TASK ITEM: From the line with "Туфлі святкові сріблястого" down to the final line of the material, please transcribe everything exactly, but leave the pictures out.

STORED DATA:
★ ★ ★ ★ ★

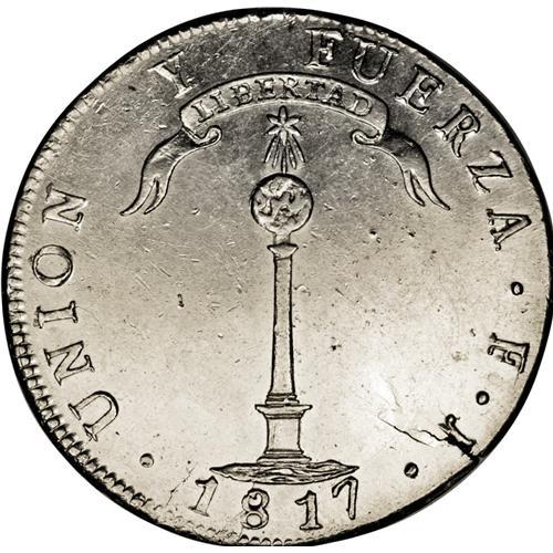 <B>Republic Volcano Peso 1817-FJ, </B></I>KM82.2, variety with Y to the left of the column, lustrous AU, cleaned at one time and with a small natural edge flaw by the J of the assayer.
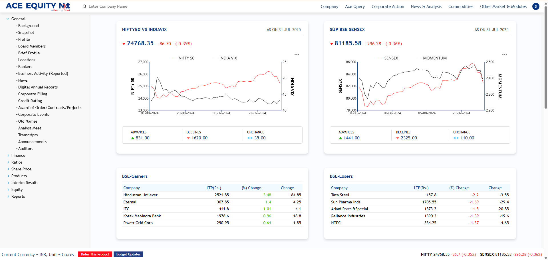 ACE EQUITY Nxt..is a Windows based application where the product data is hosted in cloud. Product provides comprehensive financial data of listed and private companies. The company financial information is available for more than 40,000 Indian companies, including 7,000 listed and 33,000 private with 1750 unique financial data fields compiled from the Annual Report. It also provides company’s non-financial information such as board of directors, share holding pattern, Corporate actions etc. The application is designed in such a manner that with minimal clicks user can achieve the desired output
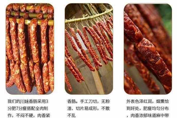 優質的香腸,采用三分肥七分瘦的豬肉,不悶不硬,肉香緊實。手工刀切,無粉渣,切片不散不亂,外表色澤紅潤,煙熏恰到好處,肥瘦均勻分佈,肉香濃鬱,味道麻中帶辣。
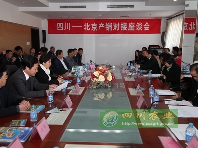 在“2011四川暨川藏高原优质农产品绿色食品北京展销周”期间,省农业厅积极为四川农产品生产企业与北京的中外商家牵线搭桥,组织召开了“四川北京产销对接座谈会”。来自我省农业部门、生产企业、北京商家以及北京市商委、农委、农业局有关负责同志共100多人参加了座谈会。座谈会由省绿色食品发展中心主任周南华主持,省农业厅副厅长祝春秀作重要讲话,阿坝州人大副主任罗塔,中共甘孜州州委常委、农工委主任杨凯分别介绍了阿坝、甘孜特色农业资源情况。北京市商委、农委负责同志为四川企业开拓北京市场提出了宝贵意见。
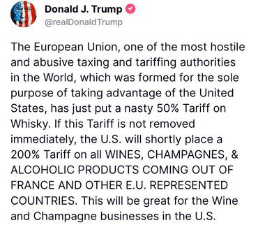 "L'Union européenne, une des autorités les plus hostiles et abusives au monde sur les taxes et les tarifs douaniers, qui a été formée dans le but d'abuser des États-Unis, vient juste d'instaurer une taxe honteuse de 50 % sur le whisky. Si cette taxe n'est pas retirée immédiatement, les États-Unis placeront rapidement une taxe de 200 % sur tous les VINS, CHAMPAGNES & PRODUITS ALCOOLISÉS VENANT DE FRANCE ET DES AUTRES PAYS DE L'UE. Cela sera bon pour les compagnies de vins et de champagne aux États-Unis."
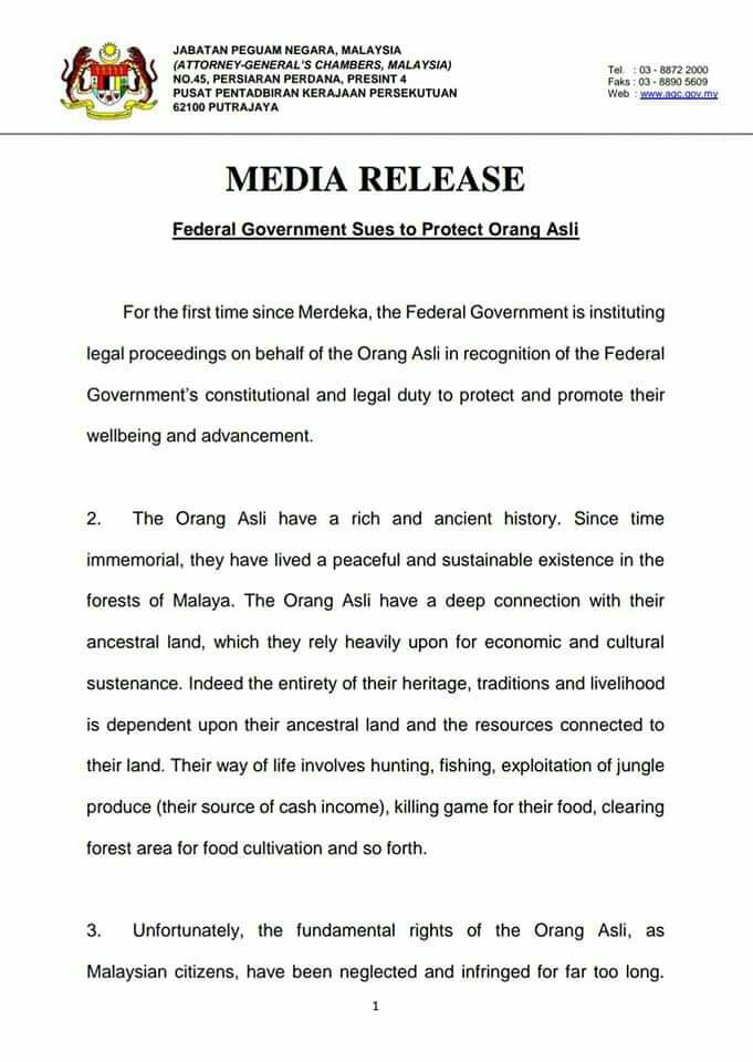For the first time since Merdeka, the federal government is instituting legal proceedings on behalf of the Orang Asli
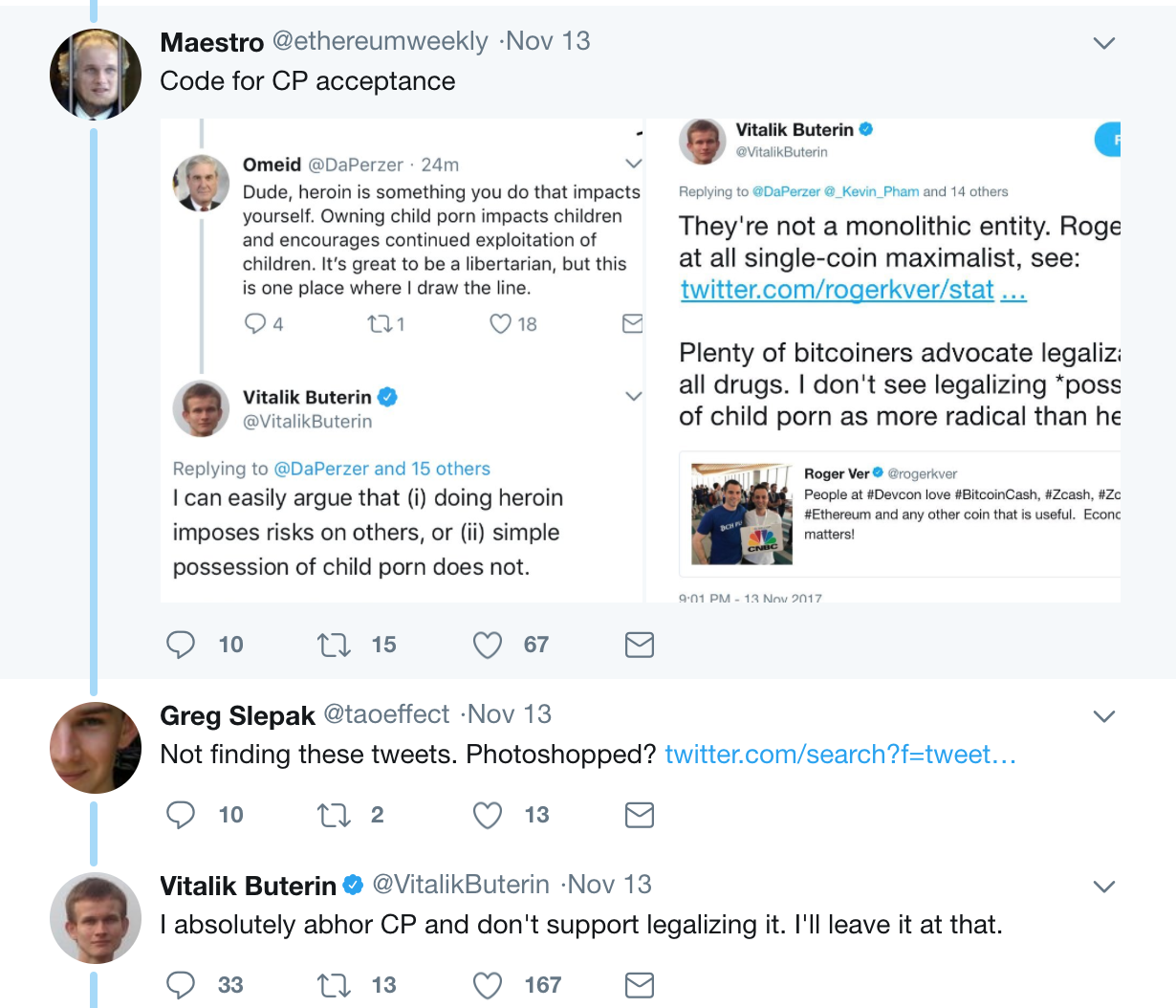 For those of you who have been recently outraged by screenshots of Ethereum's creator Vitalik Buterin's twitter, please read the conversation. Child porn was brought up by a twitter user who was asking about a bitcoin cash developer who had made comments on the issue before, and Vitalik was responding to that. Does it look bad out of context? Yes, terribly. It is it a taboo conversation to have on twitter? Yes, absolutely. But it was a conversation that was based on two subjects that were introduced out of context, they were not brought up by Vitalik.
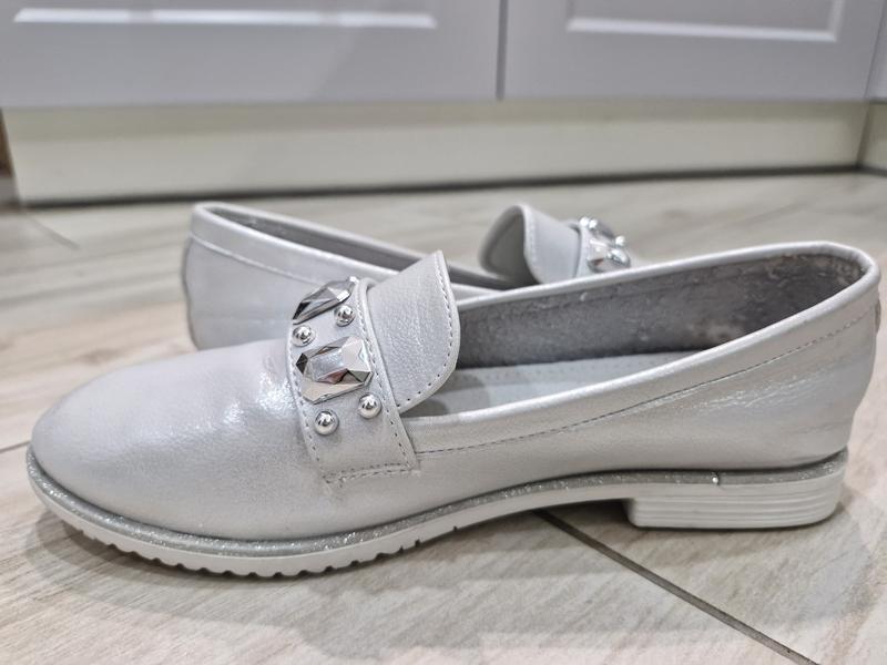 Туфлі святкові сріблястого кольору. Вдягені лише раз. Написано 37р. але сильно маломірять, устілка - 22 см.
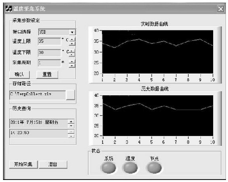 采用CC2531作為溫度數據的匯聚節點,采用IEEE 802.15.4協議組成一個由10個采集終端組成的星狀網絡,對終端節點的溫度進行采集。終端節點硬件由CC2530實現,溫度傳感器采用DS18B20.上位機由Visual C++編寫,實現數據的實時顯示,并實現數據的存儲和歷史溫度查詢。CC2531的USB設備描述符里聲明PID=0x1000,VID=0x0451,UBS驅動采用Windows XP系統提供的usbser.sys.溫度采集結果如圖5所示。
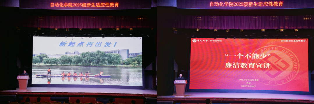 黄亚以“再出发——给2025级本科新生”为题向全体新生介绍了学院学工概况和校园文化建设、学风建设的重要举措。她勉励新生要向新出发,尽快适应大学校园生活,科学规划未来,实现全面发展。黄亚还对全体新生进行了廉洁教育宣讲,教育引导同学们要坚定理想信念,严守纪律规矩,勇于担当奋斗,扣正、扣牢、扣好“第一粒扣子”。
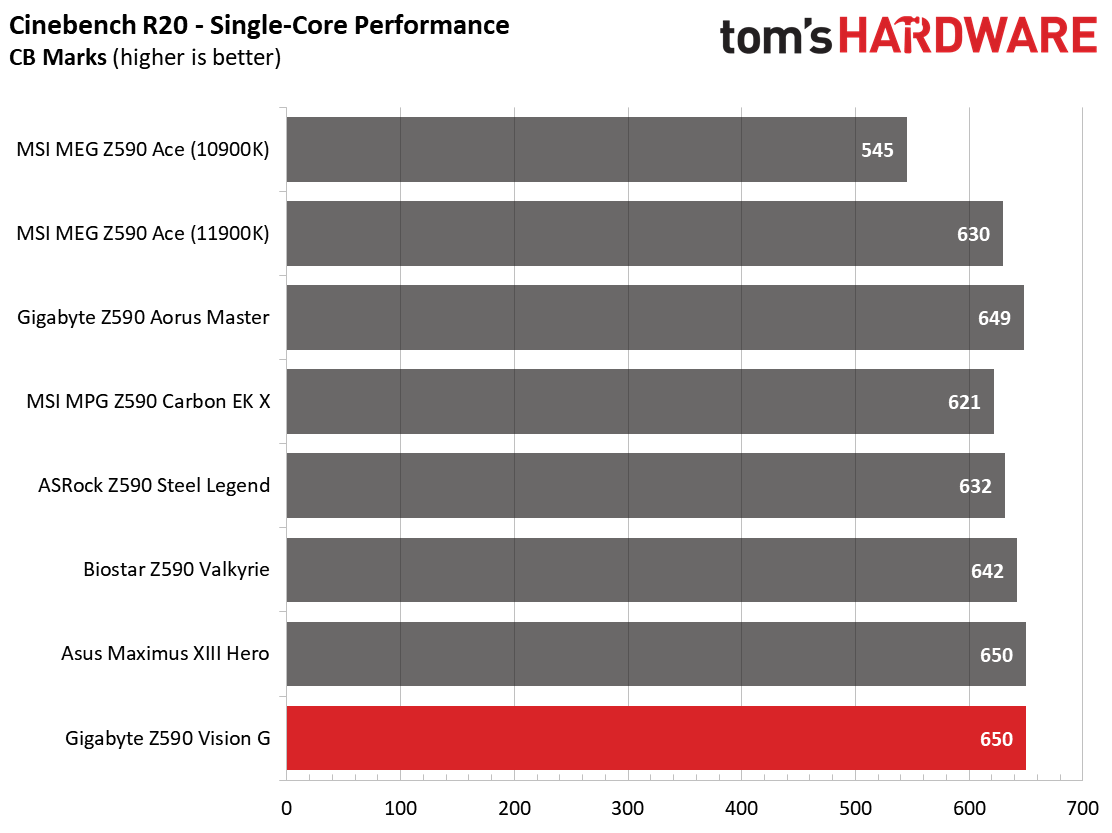 Our synthetic graphic tests, 3DMark Time Spy and Fire Strike, continued the theme of not standing out. The Gigabyte Z590 Vision G matched the other tested boards. In F1 2020, the system averaged 210 frames per second (FPS), one of the faster results, while Far Cry: New Dawn averaged 145 FPS, also an ever so slightly faster result. We found no issues with gaming at all.

★ ★ ★ ★ ★

SOLUTION TO THE EXERCISE:
 Туфлі святкові сріблястого кольору. Вдягені лише раз. Написано 37р. але сильно маломірять, устілка - 22 см.
 采用CC2531作為溫度數據的匯聚節點,采用IEEE 802.15.4協議組成一個由10個采集終端組成的星狀網絡,對終端節點的溫度進行采集。終端節點硬件由CC2530實現,溫度傳感器采用DS18B20.上位機由Visual C++編寫,實現數據的實時顯示,并實現數據的存儲和歷史溫度查詢。CC2531的USB設備描述符里聲明PID=0x1000,VID=0x0451,UBS驅動采用Windows XP系統提供的usbser.sys.溫度采集結果如圖5所示。
 黄亚以“再出发——给2025级本科新生”为题向全体新生介绍了学院学工概况和校园文化建设、学风建设的重要举措。她勉励新生要向新出发,尽快适应大学校园生活,科学规划未来,实现全面发展。黄亚还对全体新生进行了廉洁教育宣讲,教育引导同学们要坚定理想信念,严守纪律规矩,勇于担当奋斗,扣正、扣牢、扣好“第一粒扣子”。
 Our synthetic graphic tests, 3DMark Time Spy and Fire Strike, continued the theme of not standing out. The Gigabyte Z590 Vision G matched the other tested boards. In F1 2020, the system averaged 210 frames per second (FPS), one of the faster results, while Far Cry: New Dawn averaged 145 FPS, also an ever so slightly faster result. We found no issues with gaming at all.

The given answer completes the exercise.